ERG: The big picture

- ERG recording, the fast oscillations (FO) are the primary focus - the fast oscillation is generated by a light-evoked decreased in chloride ion concentration within the RPE cells and the accompanying hyperpolarization of the basal membrane of the RPE - when clinicians and researchers talk about the ERG, they're generally referring to those changes in the retinal potential that occur within the first few seconds of a flash of light - in clinical practice the most important components of the ERG are the a and b waves (circled in red) *FO in normal subjects is very sensitive to abrupt changes in blood glucose -> there is an increase in the amplitude of the fast oscillations

ERG components, Granit

- Granit studied the ERG by slowly increasing the amount of anesthesia given to an animal while recording ERG P I: a slow, "cornea-positive" response was the first to disappear P II: an earlier "cornea-positive" response, disappeared second P III: the "cornea-negative" response that remains when P I and P II are extinguished -> this also disappears with further anesthesia

Oscillatory Potentials and Pathology

- OPs are very sensitive to ischemia, so their attenuation in an ERG in which the a and b waves are normal can be used as an indication of mild ischemia in the inner retina - OPs are severely attenuated in a number of retinal degenerations, including diabetic retinopathy, hypertensive retinopathy, central retinal artery and vein occlusions, etc. - each individual OP can be attenuated or abolished by specific experimental conditions or pathologies, suggesting that each could represent a separate electrical event, structure, or pathway **however, the precise origin of each OP is still unknown -> when the origin is discovered the OPs will likely become more clinically useful

ERG measurements of interest

- amplitude - implicit time - latency

Focal ERG and Epimacular Membrane

- before surgery, VA in affected eye = 20/125 - 6 months after surgery, VA = 20/32 - post-surgically, focal ERG has greater amplitude and faster implicit time than pre-surgically

Diffuse flash ERG

- can be applied to a dark or light-adapted eye - "Standard" (white) stimulus - scotopic - photopic = use flicker - scotopic balance

Focal ERG

- small, flickering spot (no rod input once flicker is fast enough) - signal averaging is required - stray light can be a problem when it lights up other areas - most often used for macular disorders but can be applied to any small area of the retina (~10deg diameter)

Pattern ERG (PERG)

- use JET, gold foil, or DTL fiber electrode b/c need clear optical path! - pattern (contrast) reversal stimulus - response origin: inner retina (mainly ganglion cells) - clinical value: glaucoma, CRA occlusion, optic nerve trauma

ERG types

1. Diffuse Flash 2. Focal (fERG) 3. Multifocal (mfERG) 4. Pattern (PERG)

Standard flash ERG components

1. Early Receptor Potential (ERP) 2. a-wave 3. Oscillatory Potentials (OPs) 4. b-wave 5. Afterpotential 6. c-wave

When we are evaluating and ERG for changes from normal, what do we look for?

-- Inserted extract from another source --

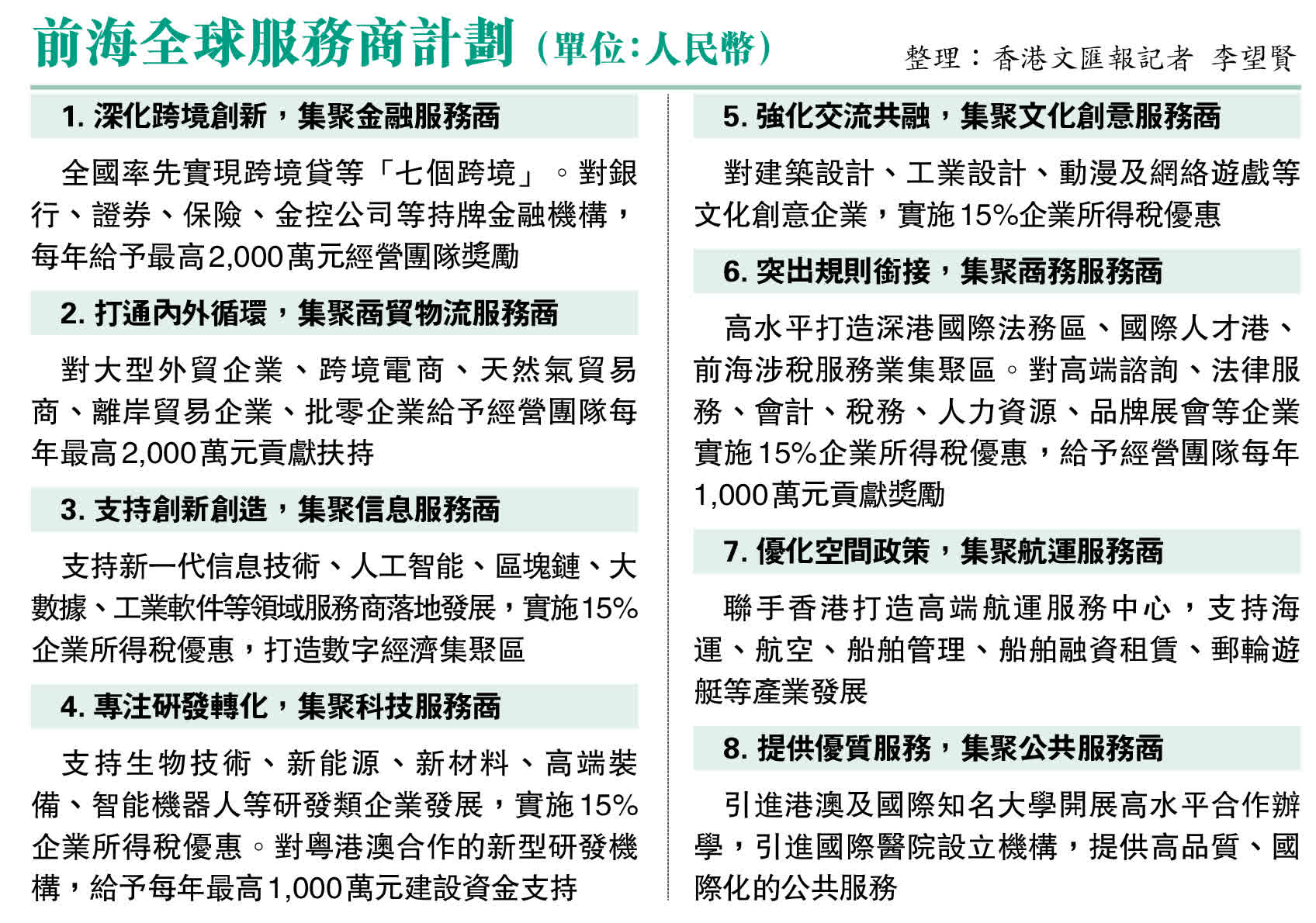 (香港文匯報記者 李望賢 深圳報道)前海重磅發布「全球服務商計劃」,積極招引培育細分領域全球前50、國內前20的現代金融、商貿物流、信息服務等八大領域服務商。前海方面表示,將依託稅率優惠政策,實現「1231」發展目標,即通過每年提供產業扶持資金不少於10億元(人民幣,下同),產業空間不少於20萬平方米,到2025年引進、培育全球服務商300家以上,實現服務業增加值1,000億元以上,全力打造大灣區現代服務業發展核心引擎,建設亞太地區重要的生產性服務業中心。
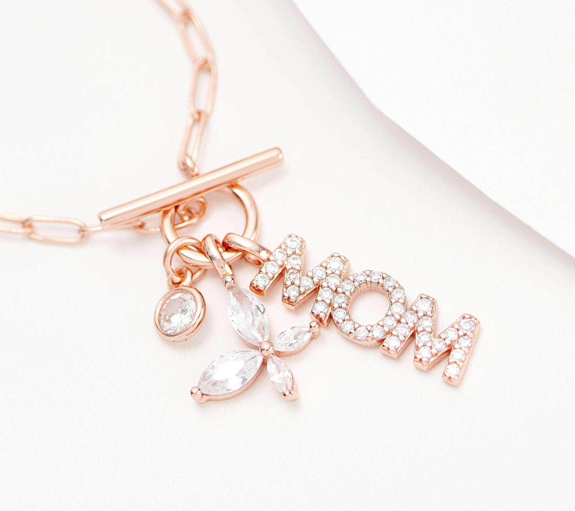 How do you spell love? We spell it M-O-M -- and so does this sparkly sweet necklace with a flutter of charms at the toggle. Such a fresh look!

1. amplitude (uV) 2. implicit time (msec)

ERG standard procedure (dark adapted)

1. dark adapt 35-40 mins 2. anesthetize subjects cornea (proparacaine) 3. dilate pupil (tropicamide & phenylephrine) 4. attach electrode: either corneal contact lens OR forehead (neg), corneal (pos), behind eye (reference/ground) 5. the retina is then illuminated with different wavelengths, intensities, and rates of flashed light stimuli 6. the electric responses are obtained by the electrode and then analyzed by computer **if light-adapted responses are to be obtained, these are done after the dark-adapted responses

Pattern ERGs wave components

N35, P50, N95 N: negative going P: positive going - these components are ONLY labeled this way for PREG **note: once the pattern flickers too quickly, the parts of the wave become unclear

ERG electrodes types

Non-disposable: - burian-allen electrode - JET electrode - Gold Foil Electrode Disposable: - DTL Fiber Electrode

Which retinal layers contribute to ERG?

Photoreceptors! (rods and cones only) - bipolars inwards, cannot contribute to ERG because their responses are blocked by interneurons

difference in response to a bright white diffuse flash between dark-adapted and light-adapted retina

Same intensity flash produced different ERG under dark- vs light-adapted conditions - remember that in both cases, both rods and cones contribute, but in light-adapted eyes, the rods are limited in how much they can contribute

Electroretinography

The recording of the temporal sequence of changes in the potential of the eye when the retina is stimulated with a brief flash of light - a standard clinical protocol for recording ERG's was developed in 1989 to make ERG's taken at different clinics and labs comparable - today the ERG is used primarily to diagnose retinal degenerations

Rods and Cones distribution throughout retina

They are distributed differently throughout the retina - even through cone density is greatest at the fovea, 90% of cones are located outside the fovea - 120 million rods, 9 million cones **remember that this means that a bright white flash on a dark-adapted retina, the response generated is by both rods and cones, but mainly rods

Anatomy of Dark-adapted ERG (brief, high energy diffuse white flash; "standard ERG")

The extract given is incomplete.